• Problem to solve:
Under this line are the records; repeat exactly the lines starting at the one containing "O hotel é novo, foi" and ending at the one containing "Näiteks puuride sügavuse", omitting pictures.

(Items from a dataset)
*** Block opens ***

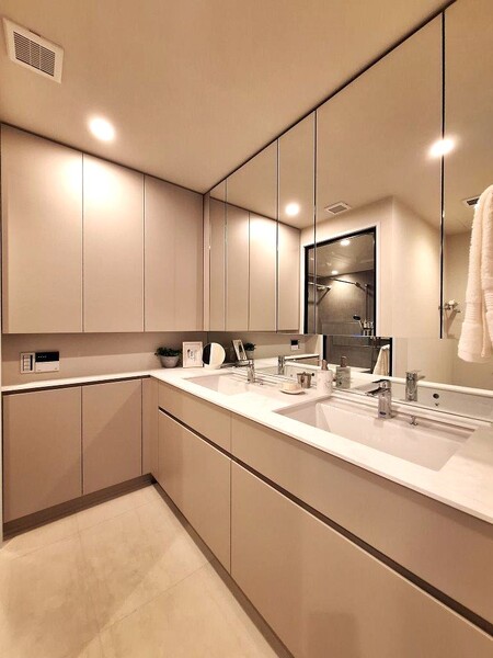 ■ダブルボウルで収納豊富な洗面化粧台
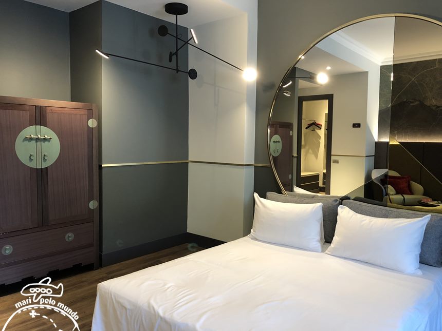 O hotel é novo, foi inaugurado em 2017, e tem quartos espaçosos e muito confortáveis. Ideal para quem viaja com crianças, pois tem uma cama extra no quarto.
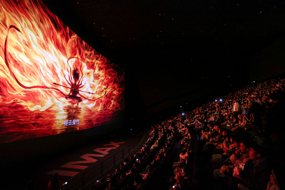 2025年2月25日,觀眾在貴陽(yáng)越界影城IMAX影廳內(nèi)觀看電影《哪吒之魔童鬧?!贰?dòng)畫(huà)電影《哪吒之魔童鬧?!纷?月29日上映后票房一路高歌猛進(jìn),僅用8天便登頂中國(guó)影史票房榜,隨后成為全球單一市場(chǎng)票房冠軍、全球動(dòng)畫(huà)電影票房冠軍。2025年以來(lái),國(guó)家電影局等相繼啟動(dòng)“跟著電影品美食”“跟著電影去旅游”“中國(guó)電影消費(fèi)年”活動(dòng),充分發(fā)揮電影對(duì)提振消費(fèi)的積極作用;各地文旅部門(mén)等通過(guò)發(fā)布觀影消費(fèi)券、舉辦主題活動(dòng)等形式推動(dòng)影旅融合,發(fā)展票根經(jīng)濟(jì)。
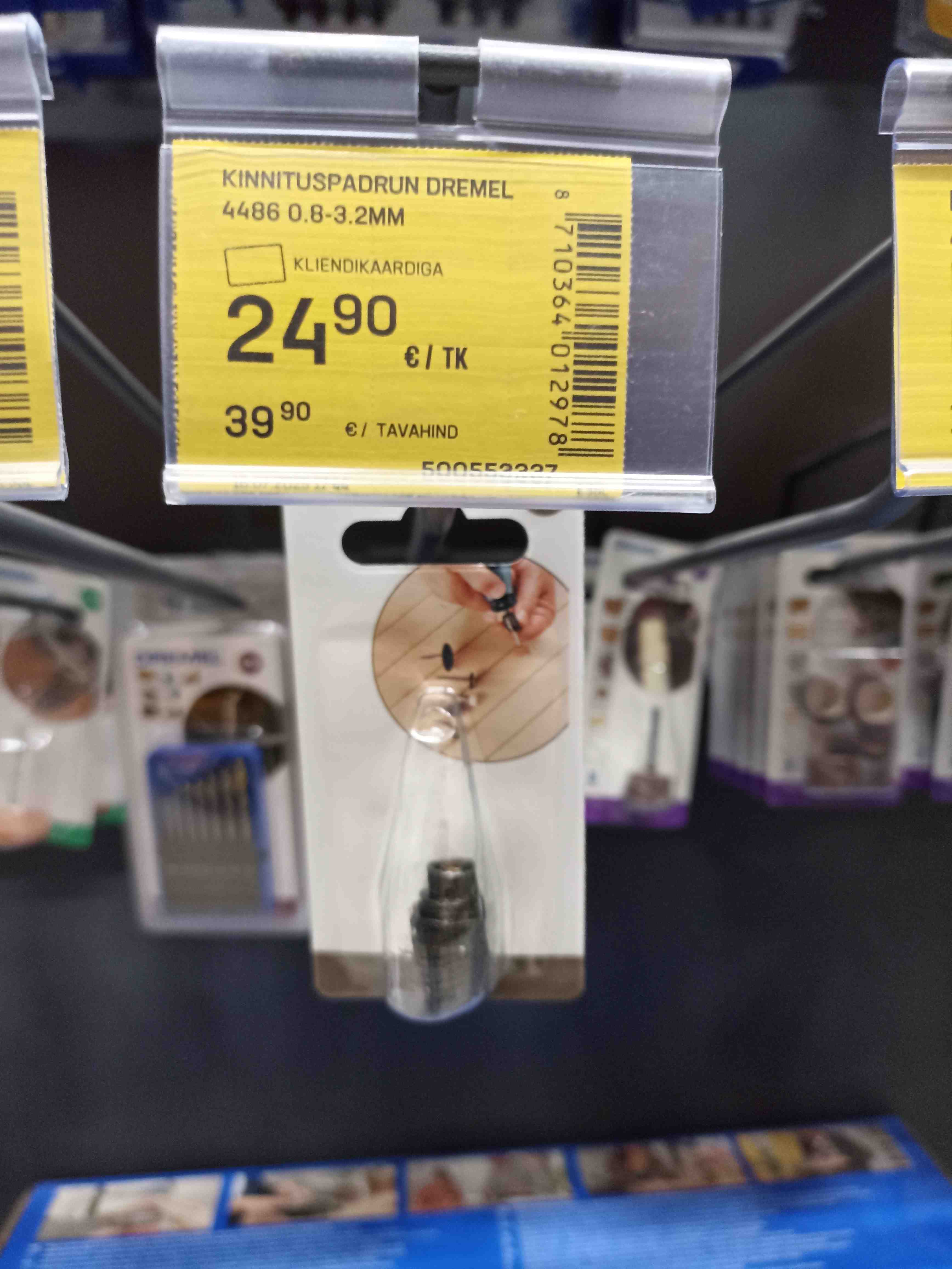 Näiteks puuride sügavuse piiraja. Just täna Depos vaatasin, et müüakse puuri mõõtudele 6,7 ja 8mm ja maksis komplekt mingi 6€. Temust lasin saata teistmoodi piirajad, kusjuures suuremal lähevad sisse puurid 7-10mm ja väiksemal 2-4mm. Ei mingit kuuskantvõtmega jamamist. Sellised https://www.temu.com/ee/2-tk-reguleerit ... goazb4lym0
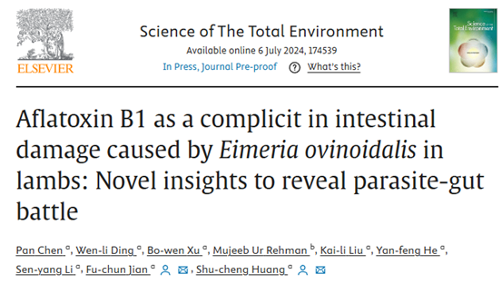Aflatoxin B1 as a complicit in intestinal damage caused by Eimeria ovinoidalis in lambs: Novel insights to reveal parasite-gut battle”的研究论文。此项研究发现暴露于黄曲霉毒素B1(AFB1)可以干扰球虫在肠道内的增殖状态,并调控球虫感染羔羊肠道形态、肠道屏障功能、肠道菌群稳态、肠道炎症以及全身免疫的变化。此外,利用蛋白质组学分析揭示了AFB1与球虫共同存在下导致羔羊肠道损伤的潜在作用机制。
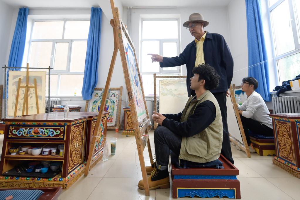 6月17日,在青海民族大學(xué)藝術(shù)學(xué)院,老師夏吾才讓(中)在指導(dǎo)工藝美術(shù)(唐卡)專業(yè)學(xué)生繪制唐卡。新華社記者 張龍 攝
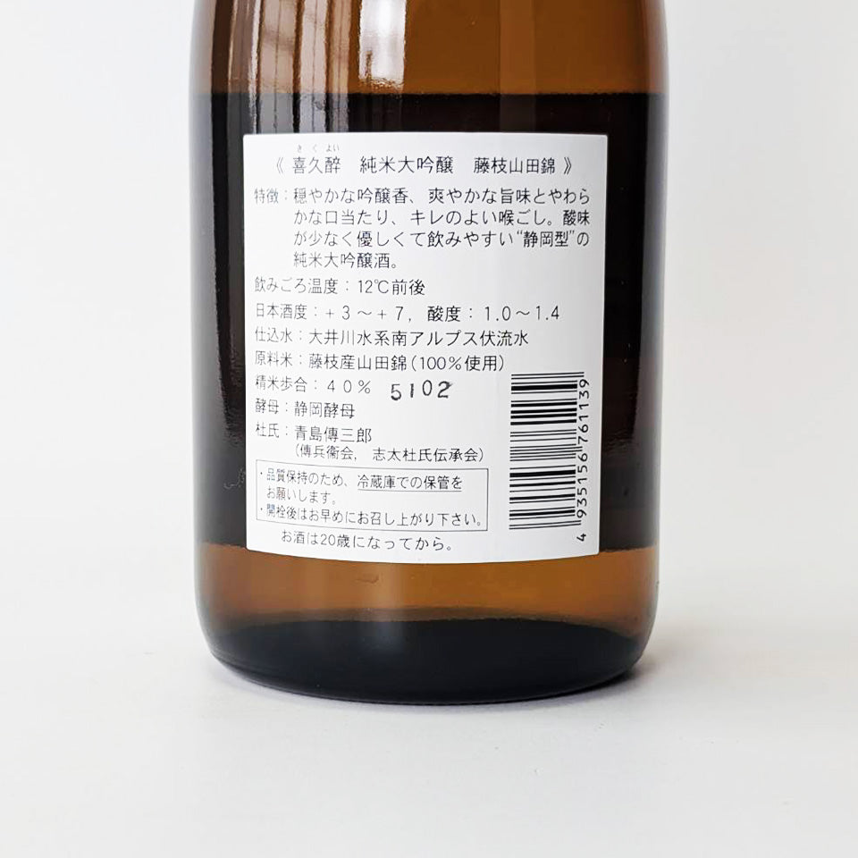 This Junmai Daiginjo is made with Yamadanishiki rice grown in Fujieda City, polished to 40%. It has a gentle ginjo aroma, a refreshing flavor, a soft mouthfeel, and a clean finish. It has a mild acidity and is easy to drink, making it a truly Shizuoka-style Junmai Daiginjo.
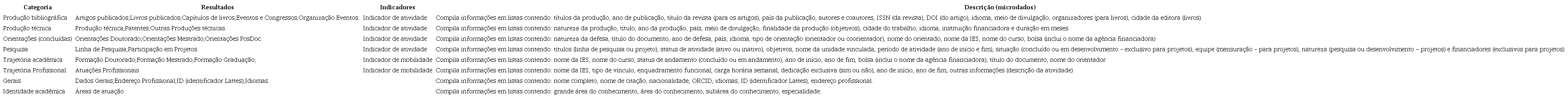 De acordo com Mena-Chalco e Cesar Junior (2013), os currículos Lattes são considerados um padrão nacional de avaliação, representando um histórico das atividades científicas, acadêmicas e profissionais de pesquisadores cadastrados na Plataforma Lattes. Os autores (2013) entendem que os currículos foram projetados para mostrar informações públicas e individuais e salientam que a compilação de produções bibliográficas de grupos de usuários “requer um grande esforço manual suscetível a falhas”. O pacote getLattes (Souza e Sabino, 2020), vinculado ao software R, permite o processamento e análise de currículos Lattes previamente baixados. O Quadro 5 sintetiza e categoriza todos os resultados que podem ser alcançados a partir do uso da ferramenta “getLattes”.

*** Block closes ***

• Exercise response:
 O hotel é novo, foi inaugurado em 2017, e tem quartos espaçosos e muito confortáveis. Ideal para quem viaja com crianças, pois tem uma cama extra no quarto.
 2025年2月25日,觀眾在貴陽(yáng)越界影城IMAX影廳內(nèi)觀看電影《哪吒之魔童鬧?!贰?dòng)畫(huà)電影《哪吒之魔童鬧?!纷?月29日上映后票房一路高歌猛進(jìn),僅用8天便登頂中國(guó)影史票房榜,隨后成為全球單一市場(chǎng)票房冠軍、全球動(dòng)畫(huà)電影票房冠軍。2025年以來(lái),國(guó)家電影局等相繼啟動(dòng)“跟著電影品美食”“跟著電影去旅游”“中國(guó)電影消費(fèi)年”活動(dòng),充分發(fā)揮電影對(duì)提振消費(fèi)的積極作用;各地文旅部門(mén)等通過(guò)發(fā)布觀影消費(fèi)券、舉辦主題活動(dòng)等形式推動(dòng)影旅融合,發(fā)展票根經(jīng)濟(jì)。
 Näiteks puuride sügavuse piiraja. Just täna Depos vaatasin, et müüakse puuri mõõtudele 6,7 ja 8mm ja maksis komplekt mingi 6€. Temust lasin saata teistmoodi piirajad, kusjuures suuremal lähevad sisse puurid 7-10mm ja väiksemal 2-4mm. Ei mingit kuuskantvõtmega jamamist. Sellised https://www.temu.com/ee/2-tk-reguleerit ... goazb4lym0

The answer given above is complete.